Par une nuit glaciale d’hiver, il errait tristement. Ses genoux
s’entrechoquaient, tant il avait froid, et ses doigts gourds se crispaient à grand’peine
sur son bâton.
Ne trouvant nul accueil au village, il s’enfonça dans le
bois et s’arrêta devant une cabane creusée à même le roc. Il frappa à la porte.
Une vieille femme apparut.
-Brave femme, peux-tu me donner à dîner et à coucher ?
-Hélas, pauvre bonhomme, j’ai trois fils cruels qui me
tueraient s’ils savaient qu’un étranger a pénétré dans ma cabane.
-Je t’en prie, laisse-moi entrer, sinon, je vais mourir de
froid devant cette porte.
Apitoyée, la bonne vieille, dont le cœur était tendre, le
fit entrer, lui donna une soupe chaude et lui permit de s’étendre près du feu. Il
posa son bâton à côté de lui. La femme lui demanda pourquoi il parcourait la
campagne par ce temps glacial. Le Bon Ermite lui conta l’offense qu’il avait
faite à Dieu et le châtiment qui l’avait suivie. A ces mots, la femme se mit à
pleurer et se lamenta.
-Quelle peine sera réservée à mes brigands de fils quand ils
comparaîtront devant le tribunal céleste !
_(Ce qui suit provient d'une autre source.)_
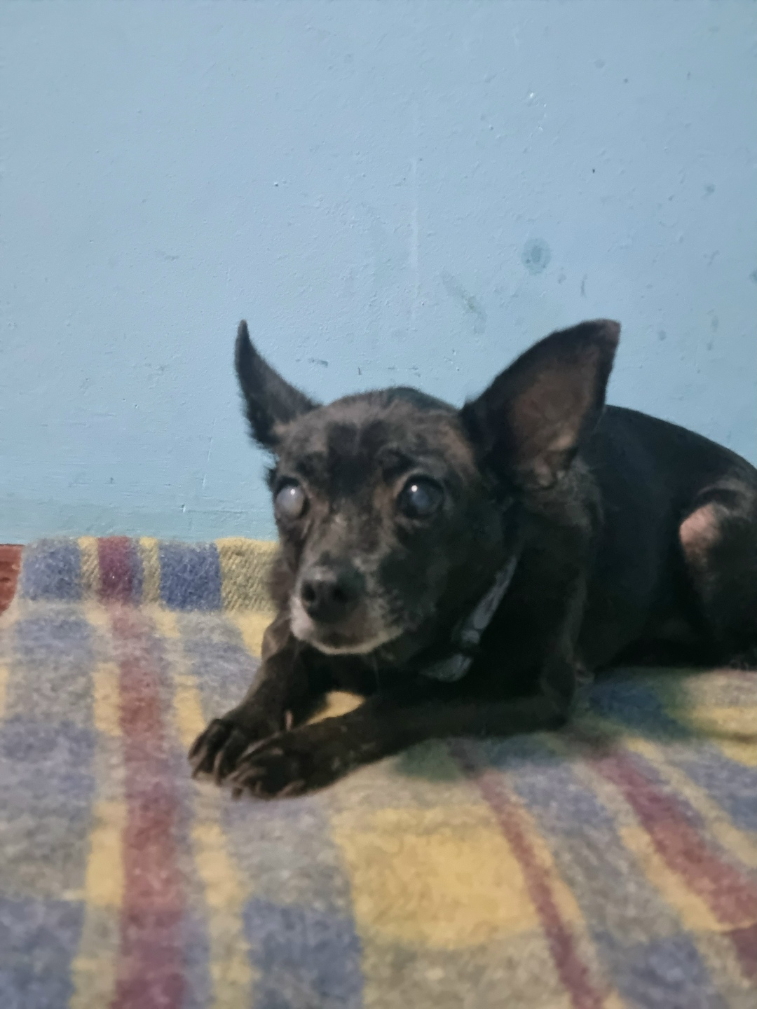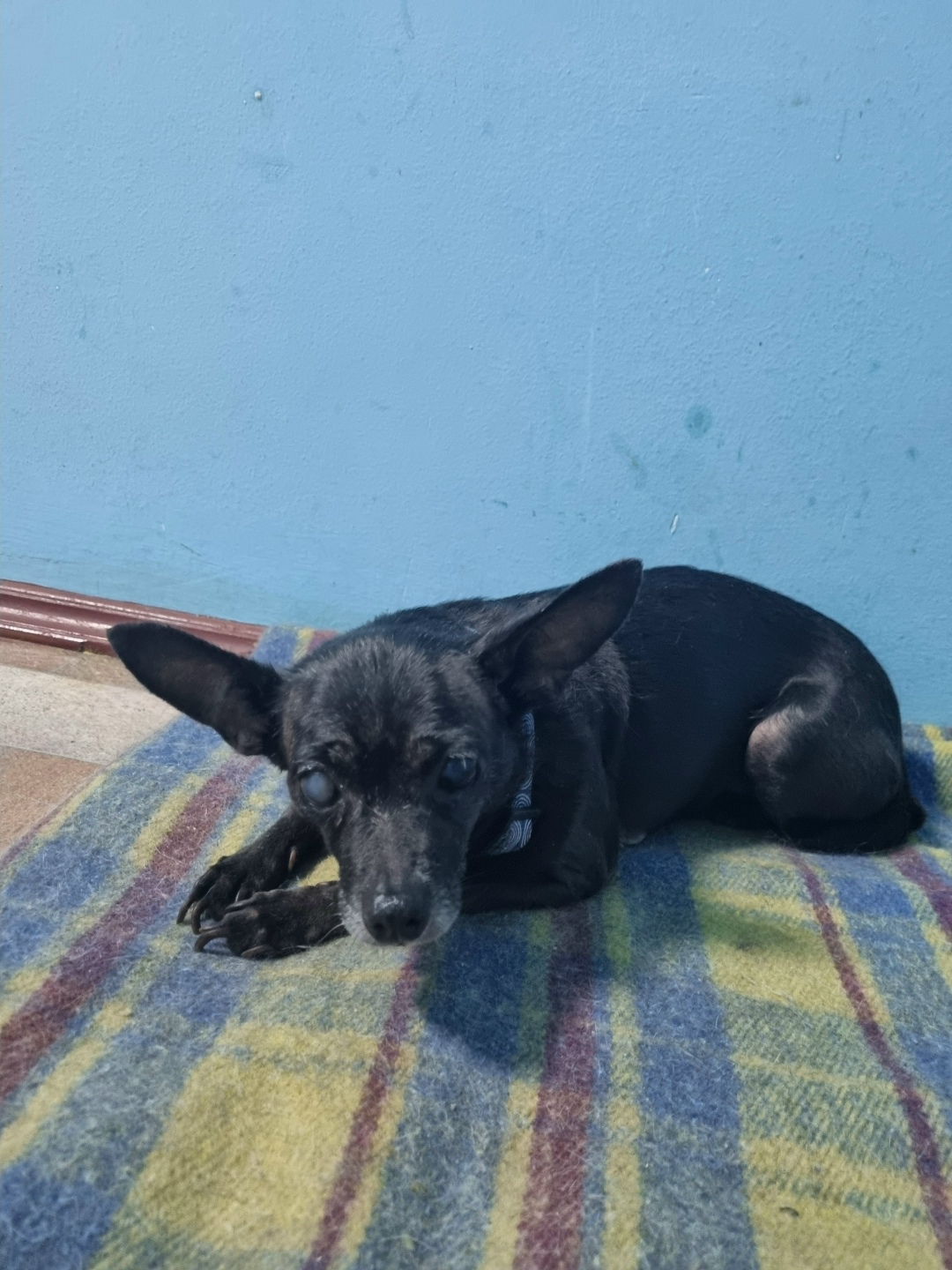 Собака не большая, черного цвета. Один глазик с бельмом. Очень напугана и дрожит

Le pauvre ermite s’endormit sur sa paillasse. Il fut
réveillé, tard dans la nuit par les trois brigands qui rentraient au logis. Grande
fut leur colère en apercevant le vieillard. Ils menacèrent de le tuer, mais
leur mère s’interposa en disant : « Laissez-le, c’est un pécheur qui
fait pénitence de ses fautes. »
Les brigands, amusés, s’écrièrent : « Holà,
bonhomme, conte-nous un peu tes péchés. »
Le vieillard s’approcha en s’excusant et leur expliqua qu’il
avait une fois irrité le Seigneur et subissait en échange une lourde punition.
Les brigands, impressionnés par ce discours, évoquèrent leur
existence passée et en furent effrayés. Ils se jurèrent de se conduire
honnêtement à l’avenir et firent pénitence dès le soir même.
Quant au Bon Ermite, tout heureux d’avoir opéré une telle
conversion, il se remit sur sa couche et s’endormit d’un profond sommeil, dont
il ne se réveilla pas. En effet, le lendemain, la vieille, voulant le faire
lever, s’aperçut qu’il était devenu froid comme un morceau de glace. Son bâton,
déposé à côté de lui, portait trois pousses vertes...
On n’entendit dès lors plus parler de lui. Seul le rossignol
vint parfois chanter devant sa cabane abandonnée et apprit aux animaux des bois
que le Bon Ermite était au Paradis t que le Seigneur lui avait pardonné.